With the advent of recent releases of Windows (at least from Windows 11), local accounts are prevented from accessing administrative shares through the network. If your device is not part of a domain, this can lead to inconveniences.
Attempting to access an administrative share by way of a local account can result in the following, somewhat non-intuitive behaviour:
- A credential prompt that is repetitively re-presented without additional feedback (ideally with a message indicating authentication failure).
- A feedback prompt stating invalid credentials.
- A return prompt indicating denied access.

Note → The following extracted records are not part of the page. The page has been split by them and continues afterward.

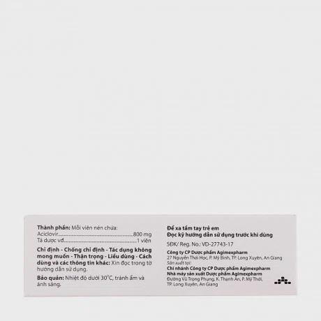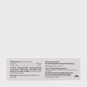 Viên nén Agiclovir 800 là một loại thuốc kháng vi-rút được sử dụng để điều trị các bệnh nhiễm vi-rút như vi-rút Herpes zoster (bệnh zona) và vi-rút Varicella-zoster (bệnh thủy đậu). Thành phần chính của thuốc là Acyclovir, hoạt động bằng cách ức chế sự nhân lên của vi-rút trong cơ thể.
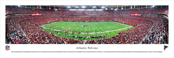This panorama, taken by James Blakeway, captures the Atlanta Falcons playing for a win at the Georgia Dome. On June 30, 1965, one of the most significant days in Atlanta's sports history, the National Football League awarded its 15th franchise to the city. Excited fans showed their enthusiasm by purchasing 45,000 season tickets in a brief 54-day period with almost no promotion; an NFL record for a new team. "Falcons" was suggested by many, with reasons from a school teacher from Griffin, Georgia, singled out. Miss Julia Elliott said, "The Falcon is proud and dignified, with great courage and fight. It never drops its prey. It is deadly and has a great sporting tradition."
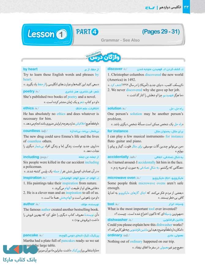 کتاب کمک درسی زبان انگلیسی دوازدهم سری پرسمان، به ترتیب به تمام درسهای کتاب درسی زبان انگلیسی دوازدهم پرداخته است. در ابتدای هر درس و قبل از شروع درسنامه مربوط به آن درس، واژگان مهم و جدید درس به همراه ترجمه و مثالی از کاربرد واژه مربوطه در جدولی مشخص ارائه شده است. همچنین کلمات مترادف و متضاد نیز در جدولی مجزا برای مطالعه دانشآموزان قرار داده شدهاند. سپس، ترجمه کامل متن درس به طور دقیق و قابل فهم نوشته شده است؛ به طوری که بخشهای مربوط به گرامر درس نیز در متن مشخص شدهاند. در ادامه، درسنامه مربوط به آموزش گرامر درس را به طور کامل و به همراه مثالهای مفید و کاربردی خواهیم داشت.
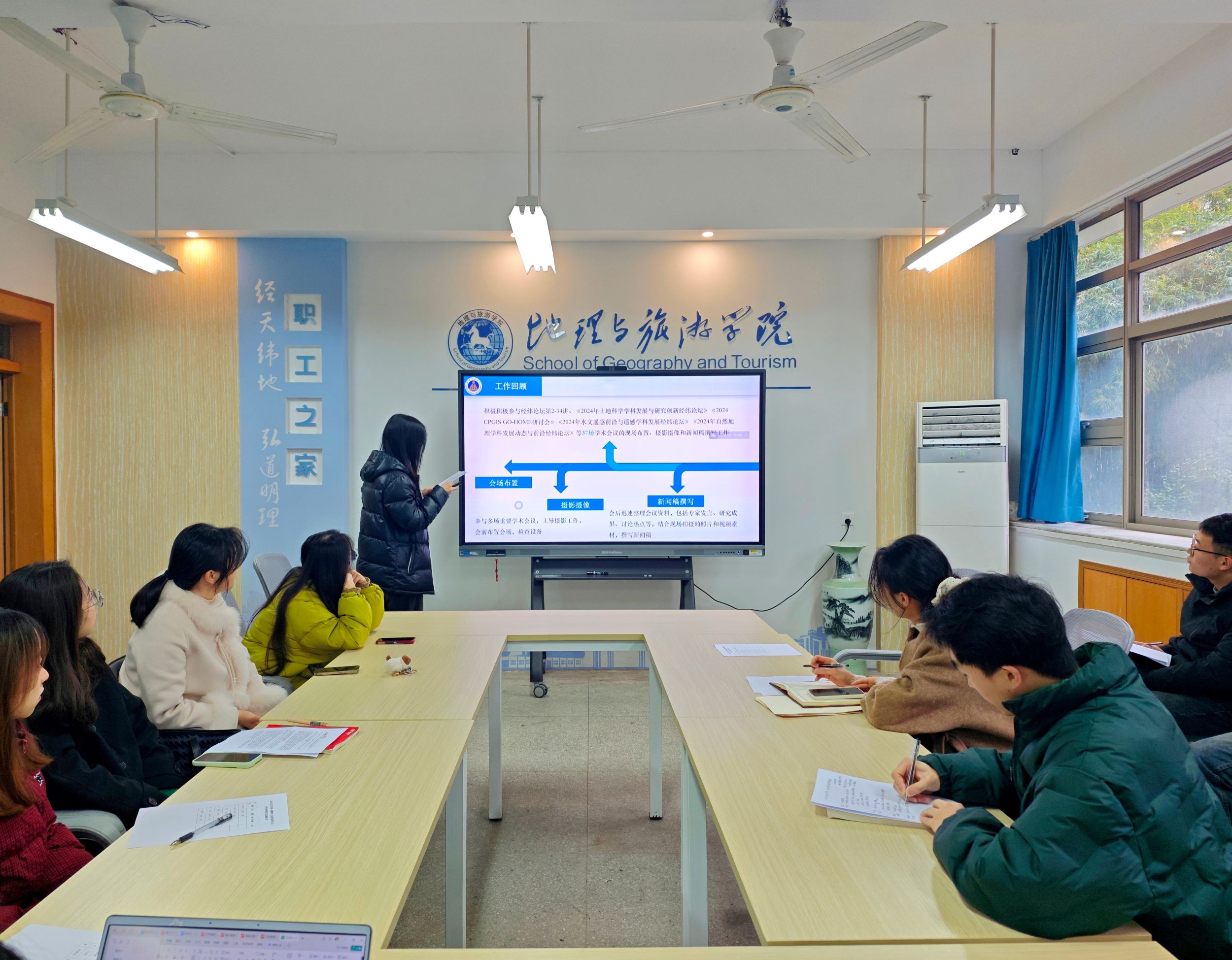 研究生会2024-2025学年春季学期研究生述职报告会在行政楼一楼职工小家顺利举行。研会指导老师从然、校研究生会代表孙海晨及各部门部长、部员出席此次会议,会议由院研会主席张招弟主持。
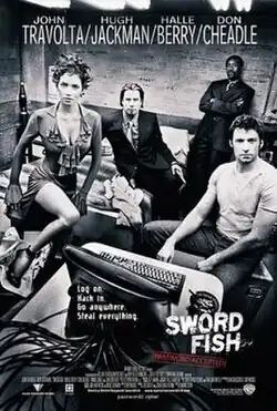 Swordfish is a 2001 American action thriller film directed by Dominic Sena, written by Skip Woods, produced by Joel Silver, and starring John Travolta, Hugh Jackman, Halle Berry, Don Cheadle, Vinnie Jones, and Sam Shepard.
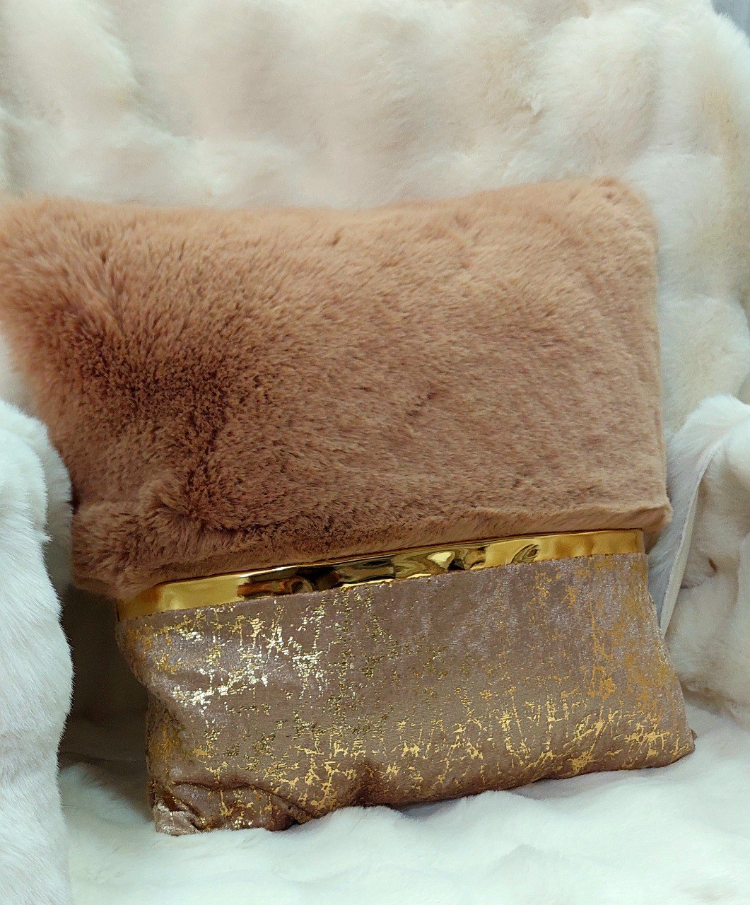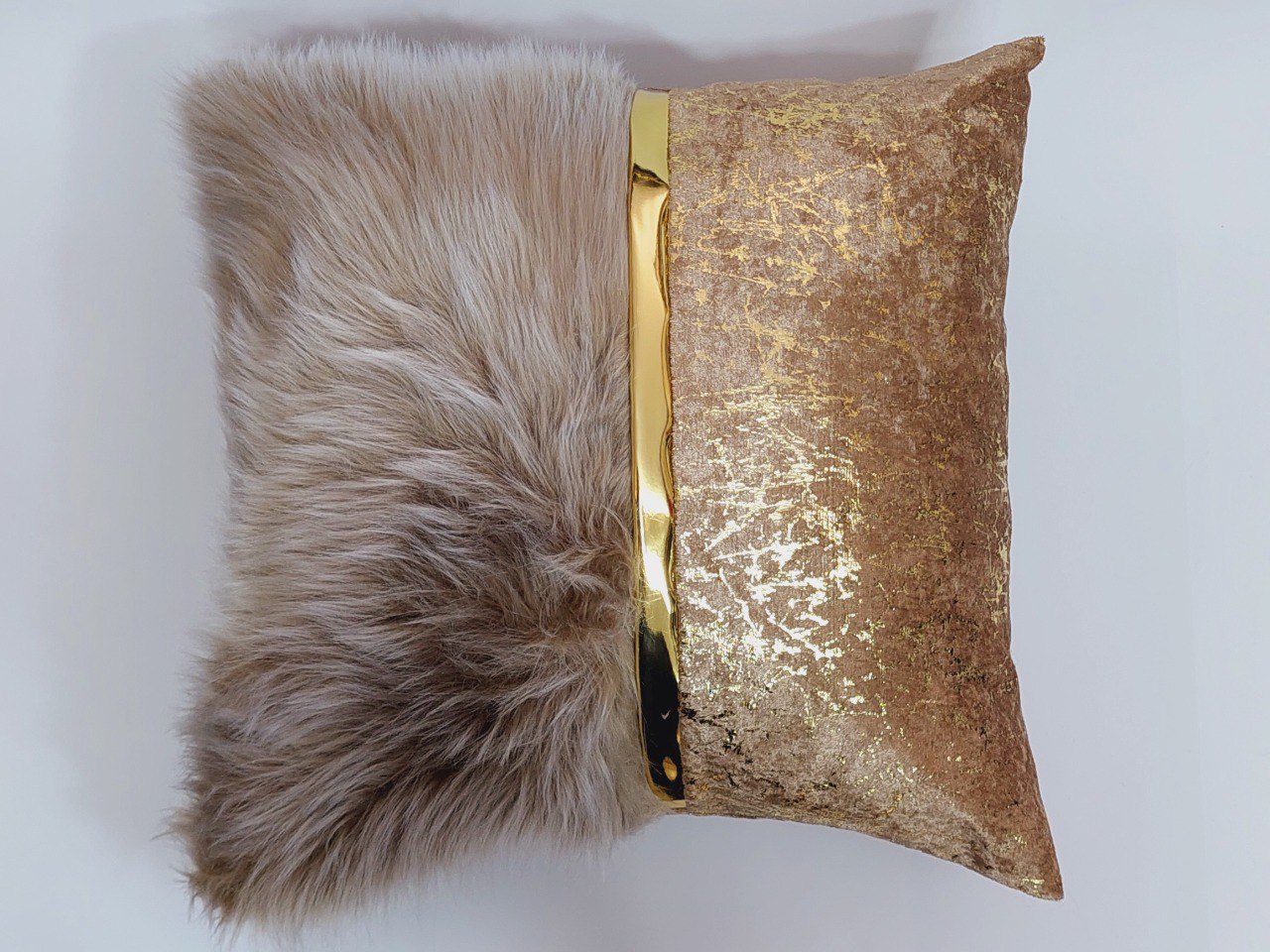 أضف لمسة من الرقي والراحة إلى مساحتك المعيشية مع هذه الوسادة الديكورية الفاخرة من Istanbul Home Decor. تتميز الوسادة بمزيج فريد من الفرو الاصطناعي الناعم من جانب والمخمل الأنيق مع لمسة ذهبية من الجانب الآخر. مثالية لتعزيز ديكور الأريكة أو السرير أو الكرسي، تضيف هذه الوسادة ليس فقط لمسة من الأناقة ولكن أيضًا تجربة ناعمة ومريحة. مثالية للديكورات العصرية والكلاسيكية على حد سواء.

There’s two ways to address this:
- Create explicit shares.
- Modify the registry to permit local account access to administrative shares.
As the shares (e.g. c$
) already exist, why create added overhead by defining equivalent “non-admin” shares?
Let’s fire up regedit
and apply what Microsoft have labelled a “workaround”, or what I’d call “restoring function”.
- Navigate to
HKEY_LOCAL_MACHINE\SOFTWARE\Microsoft\Windows\CurrentVersion\Policies\System
- Create a new DWORD (32-bit) Value named
LocalAccountTokenFilterPolicy
- Set the value to
1
.
That’s it. With this in place, you should be able to navigate to \\ComputerName\c$
, authenticate as a user with local administrator privileges and access the share.